唔,可能也有一點,陶縣邪祟橫行,耗靈石的工廠會避開這一帶,這裡沒有那些大機器壓出來的玩意,老太太的生意也許能好一點。小小一個縣城,短時間之內死這麼多升靈,靈氣散不出去,種什麼不長什麼的土質也許會變好。
這豈不是皆大歡喜麼?
那他為什麼要多管閒事呢?
他難道想被關回神像裡不由自主,神識隨時被別人的喜痛押解走嗎?
太歲的神識散到了全縣的轉生木上,伸展到了極致,他一端在徐汝成身上的絡子上,一端在陶縣峽江渡口的轉生木欄杆上,把自己拉得跟整個陶縣一樣長。心念一動,樹梢就以同一種幅度輕輕地搖擺起來,細心的百姓發現了異狀,大為驚奇,紛紛朝那些樹頂禮膜拜。
他許久未曾這樣痛快過了。
然後太歲翻了個身,神識飛快聚攏收縮,經過某一處時,打出一道很細的靈氣。
靈氣精準地劃在了虔誠老嫗剛刻好的神牌上。
老嫗「啊呀」一聲,嚇得將神牌掉在了地上,再一看,神牌上的太歲左右兩邊臉上對稱地多了幾條鬍子,太歲神君成了太歲神貓!

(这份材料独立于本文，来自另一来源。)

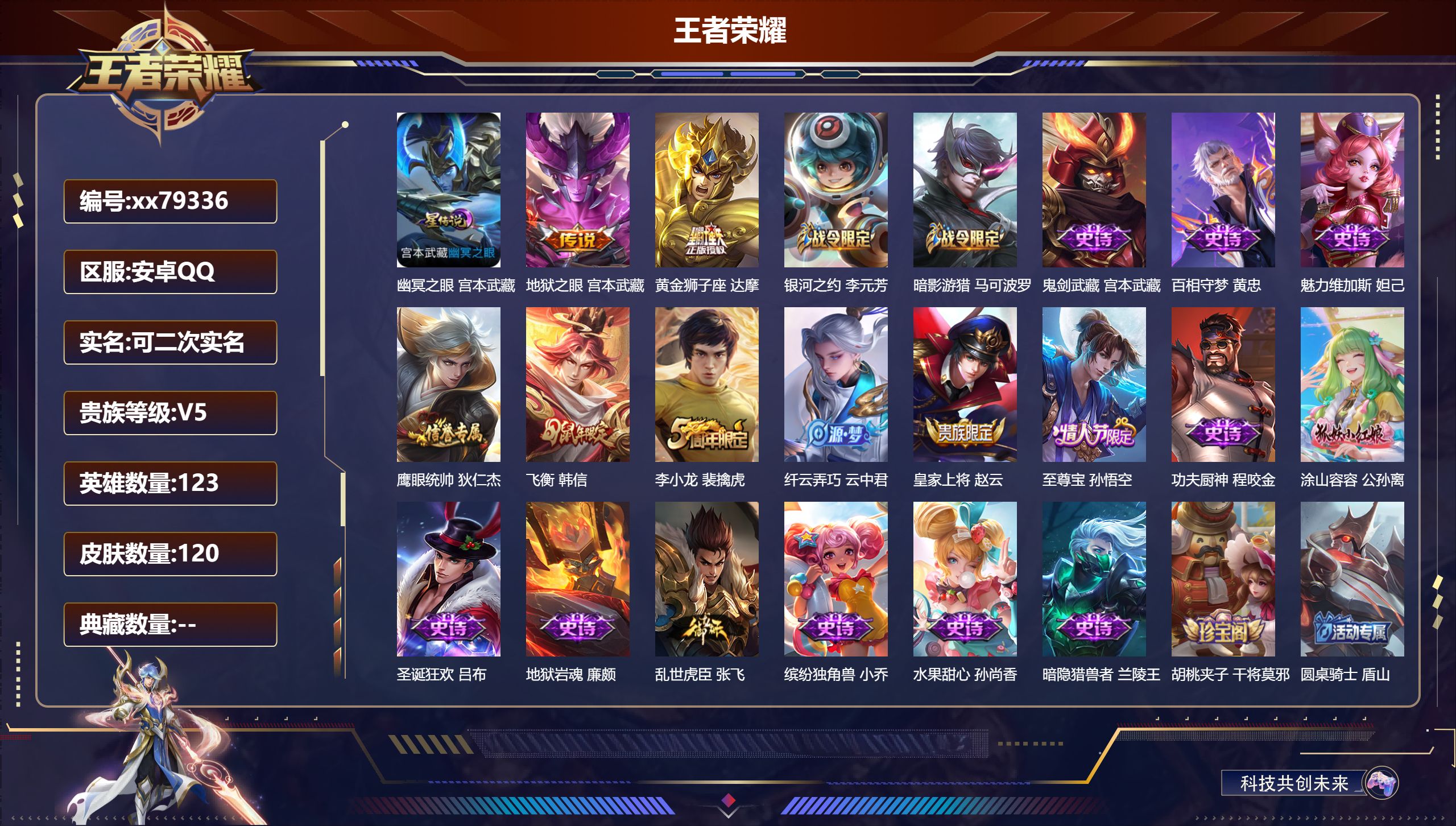 PX_2573044-,可二次,V5,贵族积分8677,安卓QQ/120皮肤/123英雄/0典藏/0珍品无双/0无双/0珍品传说/2传说/19史诗/7稀有英雄 【1,星传说皮肤】,幽冥之眼,宫本武藏, 【2,传说皮肤】,地狱之眼,宫本武藏,黄金狮子座,达摩, 【19,史诗皮肤】,银河之约,李元芳,暗影游猎,马可波罗,鬼剑武藏,宫本武藏,百相守梦,黄忠,魅力维加斯,妲己,鹰眼统帅,狄仁杰,飞衡,韩信,李小龙,裴擒虎,纤云弄巧,云中君,皇家上将,赵云,至尊宝,孙悟空,功夫厨神,程咬金,涂山容容,公孙离,圣诞狂欢,吕布,地狱岩魂,廉颇,乱世虎臣,张飞,缤纷独角兽,小乔,水果甜心,孙尚香,暗隐猎兽者,兰陵王, 【69,勇者皮肤】,胡桃夹子,干将莫邪,圆桌骑士,盾山,烛龙,曹操,缤纷绘卷,张良,纽约教父,刘备,拳王,达摩,丁香结,小乔,沉稳之力,孙尚香,醍醐杖,老夫子,归虚梦演,孙膑,黑桃队长,鲁班七号,黄金武士,典韦,御旌,牛魔,阴阳师,狄仁杰,炼金王,扁鹊,次元突破,哪吒,功夫老勺,老夫子,海滩派对,项羽,万华元夜,狄仁杰,演武夺筹,程咬金,奇妙博物学,庄周,野性能量,吕布,哥特玫瑰,露娜,守护之力,大乔,无双福将,程咬金,瓷语鉴心,露娜,原初探秘者,鬼谷子,星空之诺,沈梦溪,西部大镖客,猪八戒,疑决卦,明世隐,化身博士,扁鹊,次元傲视,杨戬,幻乐之宴,鬼谷子,霸王丸,宫本武藏,虹云星官,明世隐,救世之瞳,扁鹊,死亡骑士,亚瑟,敏锐之力,李白,玩偶对对碰,安琪拉,海滩丽影,钟无艳,忍·炎影,赵云,狰,白起,重明,芈月,炽热元素使,姜子牙,坚韧之力,苏烈,万事如意,刘备,乓乓大师,鲁班大师,天使之翼,孙膑,兔女郎,花木兰,龙腾万里,关羽,罗小黑战记,哪吒,花好人间,甄姬,御銮,盾山,时尚教父,姜子牙,秘密基地,刘禅,穷奇,典韦,教廷特使,韩信,西部大镖客,孙悟空,凯尔特女王,虞姬,少女阿狸,妲己,混沌棋,弈星,命运加冕,露娜,驱傩正仪,钟馗,虚灵犬护,钟馗,白执事,赵云,饕餮,太乙真人,星梦巡礼,姜子牙,鹤鸣心笺,艾琳,逆浪荇歌,甄姬, 【31,其他皮肤】,伊势巫女,大乔,战争骑士,夏侯惇,极冰防御线,盾山,龙域领主,铠,生化警戒,钟无艳,超能战警,曹操,第七人偶,干将莫邪,海之征途,孙策,火炮千金,孙尚香,福禄兄弟,鲁班七号,帝国元帅,项羽,精灵王,后羿,海军大将,周瑜,午夜歌剧院,元歌,隐刃,兰陵王,花间舞,公孙离,街头旋风,裴擒虎,范海辛,李白,激情绿茵,马可波罗,埃及法老,杨戬,天堂福音,张良,尼罗河女神,女娲,华尔街大亨,程咬金,威尼斯狂欢,百里玄策,幸存者,马超,特种部队,李元芳,绝影神枪,百里守约,仙境爱丽丝,妲己,精灵公主,王昭君,美梦成真,梦奇,西部大镖客,孙悟空, 【7,稀有英雄】,不知火舞,橘右京,夏洛特,娜可露露,韩信,艾琳,赵云, 营地ID:,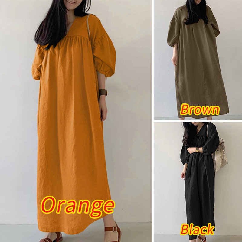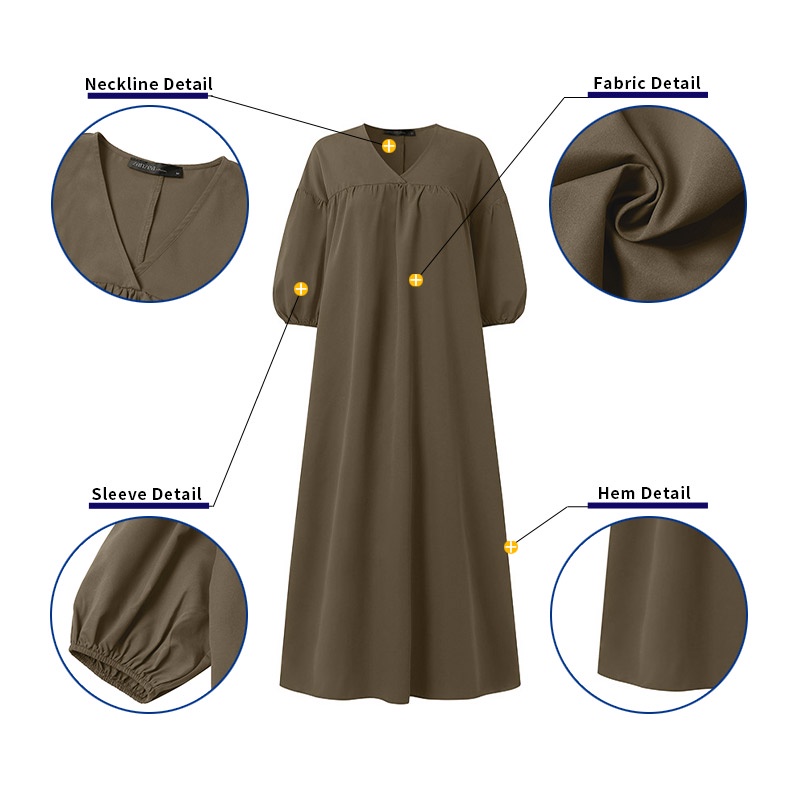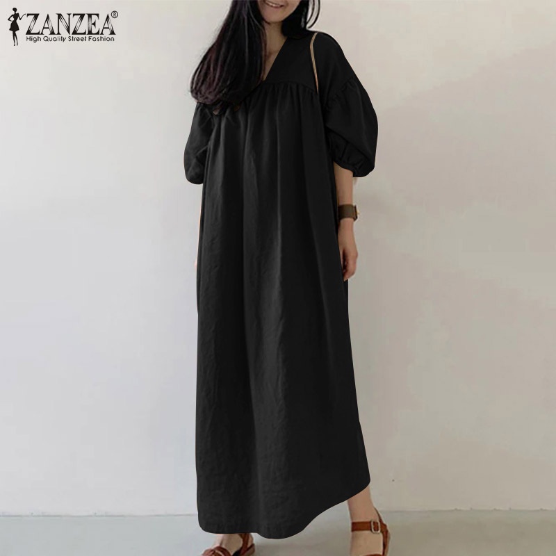 ZANZEA Women Fashion Elegant Solid V-Neck Three Quarter Luxurious Puff Sleeve Side Pockets Casual Dresses

然後她耳邊響起一個地道的本地口音:「別賴老子,你有病自己好的,與我什麼相干哦?今日有好事栽到老子頭上,明日不順意了又要栽到老子頭上,老子滿頭讓你們栽滿草,混賬!」
話沒完全落穩在凡人耳朵裡,他已經回到了那大宛姑娘的院子。
秋殺,區區一個升靈,一臉自己都沒活明白的倒霉樣,還安排起別人的命來了。
他想:她還真把自己當五聖了?
再說五聖又怎麼樣,月滿後成無塵神,踏碎虛空自己走了,留下的人間還不是成了這幅熊樣?
闆闆!
他開口喊了那怎麼看怎麼眼熟的男裝姑娘一聲:「喂。」
男裝姑娘——魏誠響倏地睜開眼,整個人如遭雷擊。
「沒有惡意啊,別緊張。」太歲面對宛人,本能地換回了他最熟悉的口音,「就是問一句,你知道那個姓秋的傻大個準備利用你,把陶縣弄沒了嗎?」
魏誠響瞠目結舌,根本沒聽清他說了些什麼。
這個聲音……這個聲音是……
她一把扣住破法鐲,第一反應是這神鬼莫測的仙器搞了什麼鬼:「……叔叔?」
太歲:「……」
嚯,大宛那邊現在都什麼習俗,姑娘說話這麼客氣?
「哎,」有便宜不佔王八蛋,他順口應了下來,「叫伯伯也行。」
咦?
話一齣口,太歲就愣了愣:這話也有點熟,他以前是不是也說過差不多的……
他仔細端詳著姑娘那張消瘦的、帶一點風霜意味的臉,看見她眼角淚痕似的靈竅疤,有什麼東西呼之欲出。
「上次我都沒注意,」他聽見自己脫口說,「怎麼還是落下靈竅疤了?」
他為什麼要說上次?
「上次」是哪一次?
魏誠響眼圈一下紅了。
五年了。
當年他只留下一句「往後的路自己走」,說不再會,就真的「不再會」了。
她惶恐過、怨恨過,後來又一度夢見轉生木裡的前輩不是不理她,是傷了死了,於是她又開始擔心。
她每天對著轉生木牌自言自語,傷心難過的時候說,遇事不決的時候說,窮途末路時候也說……然而除了晚秋紅林中那一次,轉生木牌從未給過她任何反應。
只是就這麼說著說著,她就真的習慣「自己走」了。
那塊轉生木好像成了她少年時的一個夢、一點稀薄的慰藉。